A key set of economic statistics released this week will be IHS Markit’s monthly purchasing managers index reports, which cover France, Germany, the euro zone, Japan, the UK and the US. While not official data, the international nature of the PMI calculation makes it a useful tool for comparing the relative economic progress of these countries.

Finally a plug for a special Financial Times event this week. You can talk to FT correspondents and guests about The Fall of Afghanistan: What Next? Register for an FT subscriber Webinar Wednesday, August 25th at 3:30 p.m. CET, 2:30 p.m. BST / 9:30 a.m.
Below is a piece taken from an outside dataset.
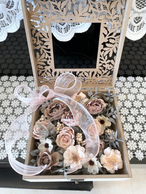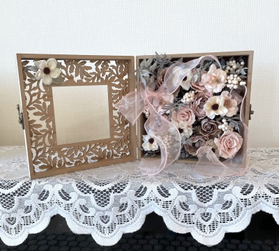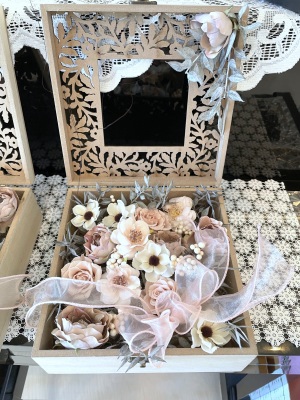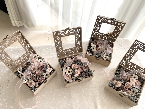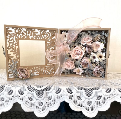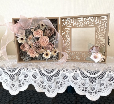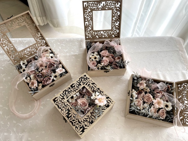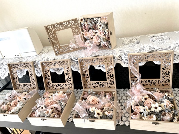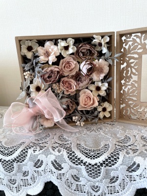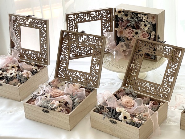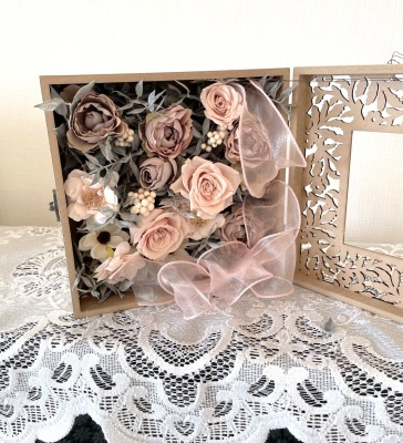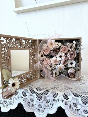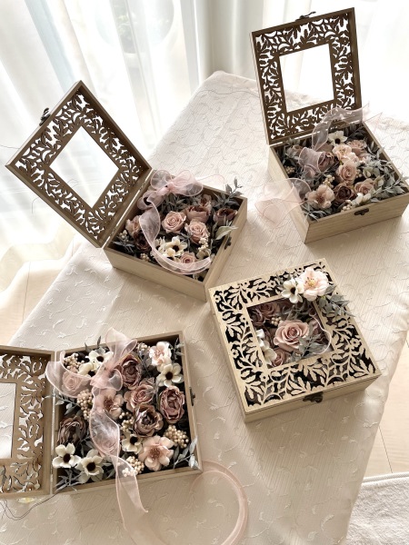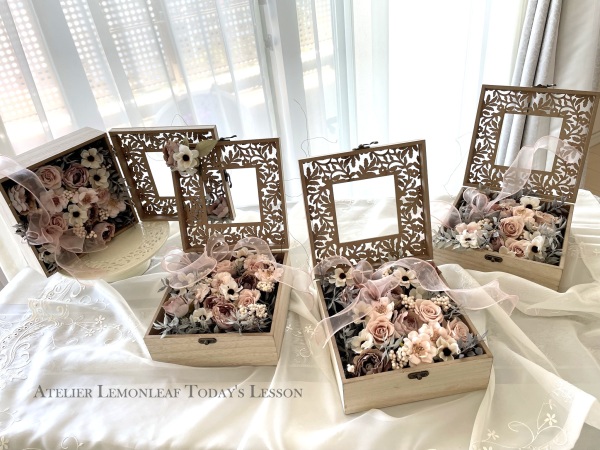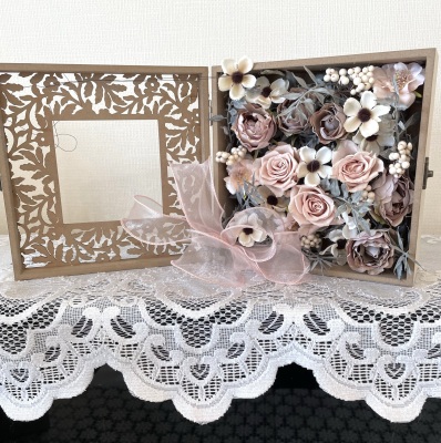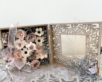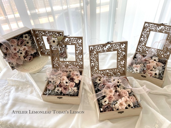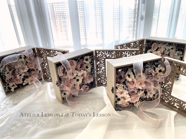 | お元気ですか? こんにちは さわやかな季節になりましたね。 今月はとても透かしが綺麗なレーシーボックスへのアレンジです。では早速、始めましょう。 プリザーブドフラワーの開花をしていきます。 くわしくはこちらで公開しています https://youtu.be/eAkgYd7R_LE 開花にはシリコンマット(鍋敷きなど ホームセンター、100円ショップなどで販売しています)をご用意ください、 お持ちでない方は開花させずこのまま、茎にグルーをつけて、でアレンジしてください。デザインに影響ございません。 額を全部とります 写真のように額のカーブの少し上、直線になるところをカットします。 |

EDT.

Important economic and company reports

Here is a more complete list of what to expect in terms of corporate reports and economic data this week.


  • The EU and the European Commission show figures on consumer confidence

  • France, Eurozone, Germany, Japan, Great Britain, USA: IHS Markit Composite Purchasing Managers’ Index (PMI)

  • UK, Monthly CBI Industry Trends Survey

  • UK, Office for National Statistics Household income, expenditure and wealth data


  • Germany, GDP growth figures Q2

  • United States Department of Commerce July Residential Sales Figures

  • US, State Street Monthly Investor Confidence Index

  • RESULTS: Best Buy Q2, Polyus Q2, PureTech H1, Wood H1



  • Germany, monthly GfK survey on consumer confidence

  • Nigeria, GDP figures for the second quarter

  • Russia, inflation outlook

  • UK, Society of Motor Manufacturers and Traders monthly auto production figures

  • UK, Bank of England capital issue data

  • USA, Bureau of Economic Analysis Q2 GDP estimate

  • USA, initial jobless claims

  • RESULTS: Air New Zealand FY, Bouygues H1, Brunello Cucinelli Q2, CRH H1, Dell Technologies Q2, Hays FY, HP Q3, Polymetal International H1, TCS Group Q2


  • China, Hong Kong Monthly Real Estate Data

  • France, National Institute for Statistics and Economic Studies, Consumer Confidence Figures

  • Norway, Monthly Consumer Confidence Statistics

  • RESULTS: Lukoil Q2

World events

Finally, an overview of other events and milestones this week.


  • UK deadline for offering a first dose of Covid-19 vaccine to all 16 and 17 year olds in England

  • 25th anniversary of bin Laden’s declaration of war on the United States


  • Japan, Tokyo 2020 Paralympic Games begin

  • United States, Vice President Kamala Harris begins tour of Southeast Asia to bolster American regional leadership with a visit to Singapore

  • US, Kathy Hochul becomes first woman to run New York State when Andrew Cuomo resigns

  • UN Security Council meeting to discuss Syrian political and humanitarian issues

  • The UN Human Rights Council holds an extraordinary session on Afghanistan


  • UK, International Beatleweek Festival starts in Liverpool

  • UN Security Council debates Iraq mission and North Korea sanctions


  • Great Britain, election result for the new general secretary of the union Unite, the largest single donor to the Labor party

  • UK, Update on the Government’s Foreign Traffic Light System

  • UK, Home Office publishes immigration statistics


  • United States, Central Bankers Annual Jackson Hole Economic Symposium. Downgraded to a one-day virtual event last week due to Covid-19 risks

  • Music festivals in the UK, Reading and Leeds begin. Both are sold out.